Germany’s apprenticeship program is one answer to a growing problem. Even as the world financial system stabilizes, unemployment among young people is soaring. In Spain, some 39% of under-25-year-olds are jobless, up from 26% a year ago. Ten other European Union countries including France, Belgium, and Hungary have youth unemployment rates above 20%. In the U.S., the unemployment rate for 16- to 24-year-olds has climbed to over 18%, up from 13% a year ago.
The danger is that a generation of young people may be economically scarred for years. Studies suggest that an extended period of youthful joblessness can significantly depress lifetime income as people get stuck in low-end jobs, or come to be seen by employers as damaged goods. “The longer they are out of work, the harder it becomes.
In Germany, by contrast, under-25 joblessness was 8.2% in September, just a tick above the overall German rate of 8%. Austria, Denmark, and Switzerland also have well-established apprenticeship programs and below-average youth unemployment. Rather than being left to flounder after high school, young workers are plugged right into the labor market.
German companies are happy with the system, too. Apprenticeships give employers several years to train workers in company-specific skills and assess the abilities of an Azubi—short for Auszubildener (“trainee”). Says Günther Hohlweg, who oversees the 10,000 young people learning trades at Munich-based electronics and engineering giant Siemens: “When they’re done, they can start on a higher level.”
The system is even good for the national budget, because companies bear much of the cost of secondary-school education.

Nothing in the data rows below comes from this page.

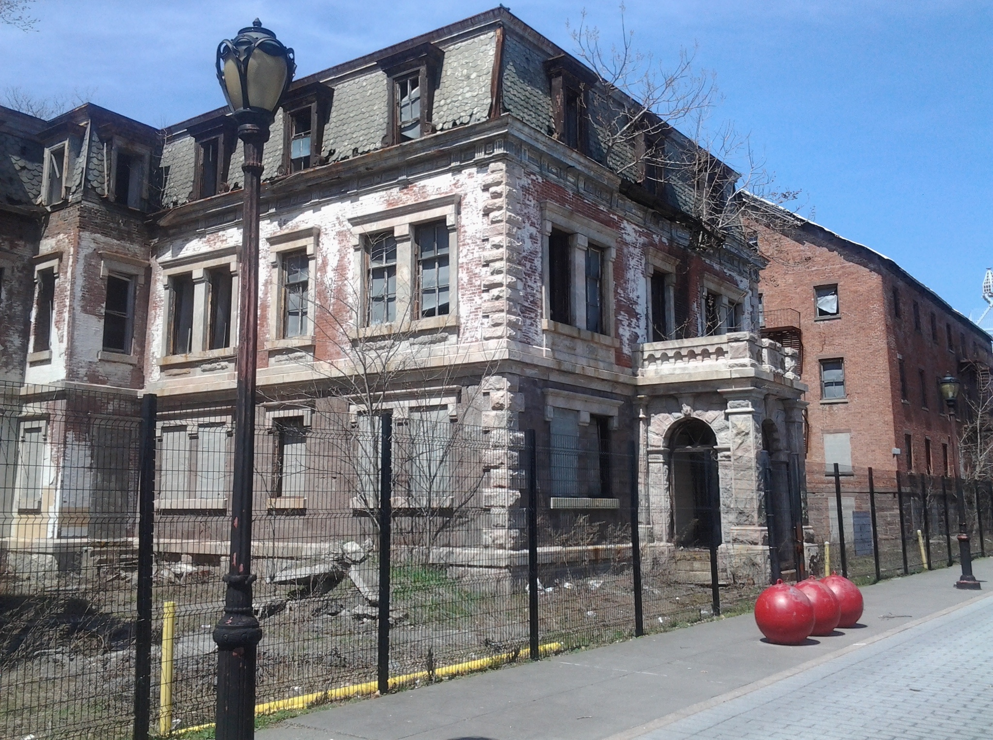 Office building of the U.S. Light-House Depot Complex in St. George, Staten Island, New York City. Built 1869. Architect was Alfred B. Mullett, who designed many other Federal buildings nationwide. On National Register of Historic Places (Office Building and U.S. Light-House Depot Complex, NRHP Reference # 83001785, Sept. 15, 1983). Also designated New York City Landmark (Old Administration Building (Third District U.S. Lighthouse Depot) U.S. Coast Guard Station, LP-1112, Nov. 25, 1980).
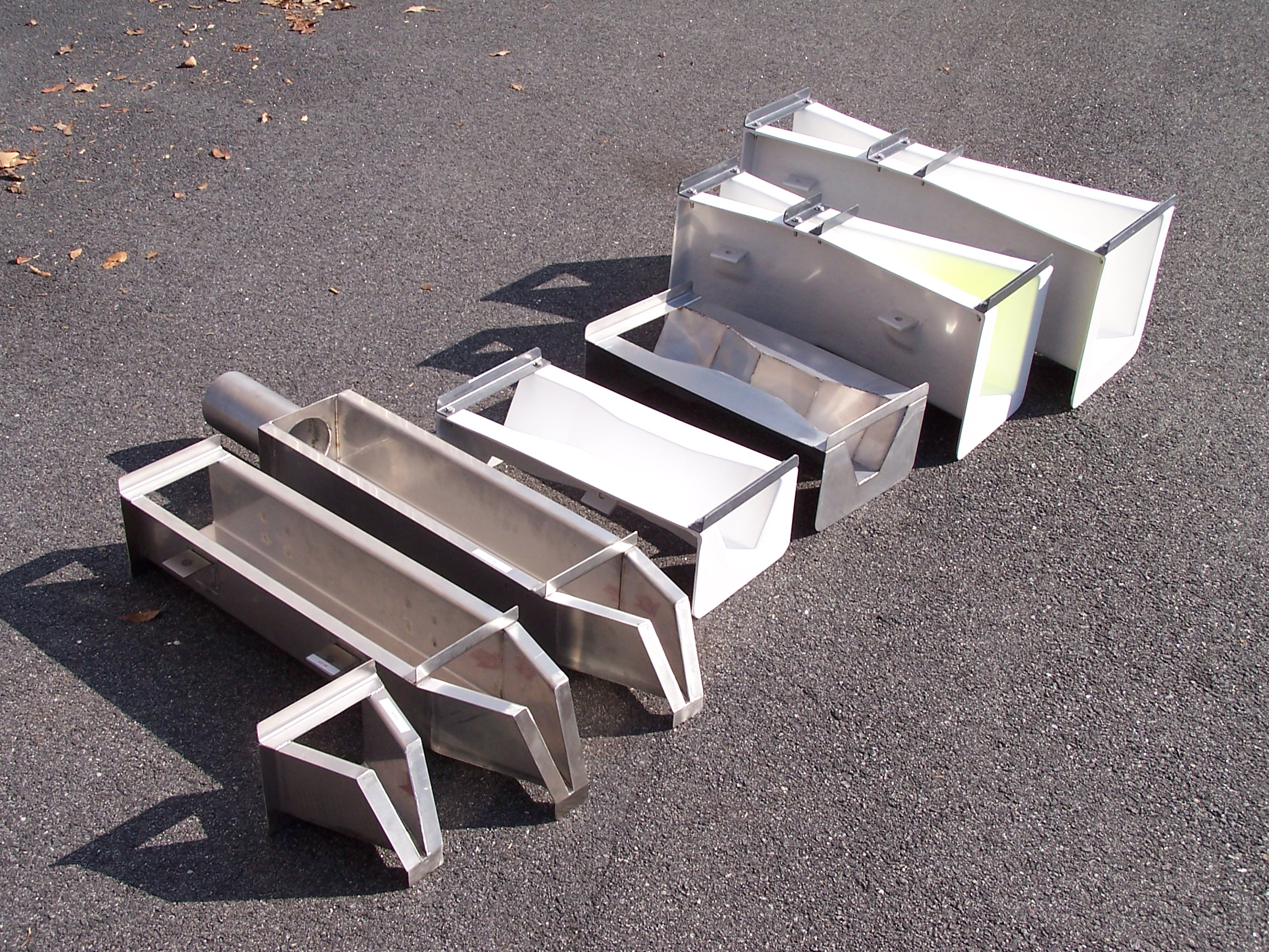 HS-Type, Trapezoidal, and Parshall Flow Measurement Flumes, in Stainless Steel and Composite (FRP) Construction
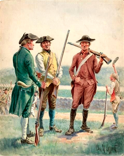 Massachusetts Militiamen (American Revolution)

German authorities accredit some 350 kinds of apprenticeship, ranging from baker to hair stylist and bank clerk to video editor. Even university students may be apprentices, splitting their time between studying and practical experience in fields such as biotech or aerospace.
Lately, though, the system has come under stress through factors related to both the current downturn and long-term changes in the global labor market. The number of apprenticeships slumped more than 10% between 2000 and 2005, recovering only after the government threatened to compel companies to take more trainees. German officials expect the number to dip again this year because of the financial crisis. Although apprentices in lower-skilled trades can serve as cheap labor, they are often an expense to their employers in the short term. Siemens (SI) spends about $220 million a year training Azubis, some of whom earn as much as $1,500 a month. The company estimates that the productive work done by the trainees equals only about one-third their cost. Siemens, which offers almost all its apprentices full-time jobs, recoups the investment only later.
The biggest problem is a shortage of work for teens who complete only basic schooling, which may end after the ninth grade. Germany’s highly automated factories offer far fewer low-skilled jobs than they used to. As a result, more than half the graduates of basic schooling wind up in government-supported training programs.
At the same time, some industries take on too many apprentices. Hair salons, for example, can profit from the cheap labor that trainees provide. So they tend to train more hairdressers than the market can absorb. Once young people have invested years learning a trade, it’s tough to start over. Germany is much less successful retraining older workers than training young ones.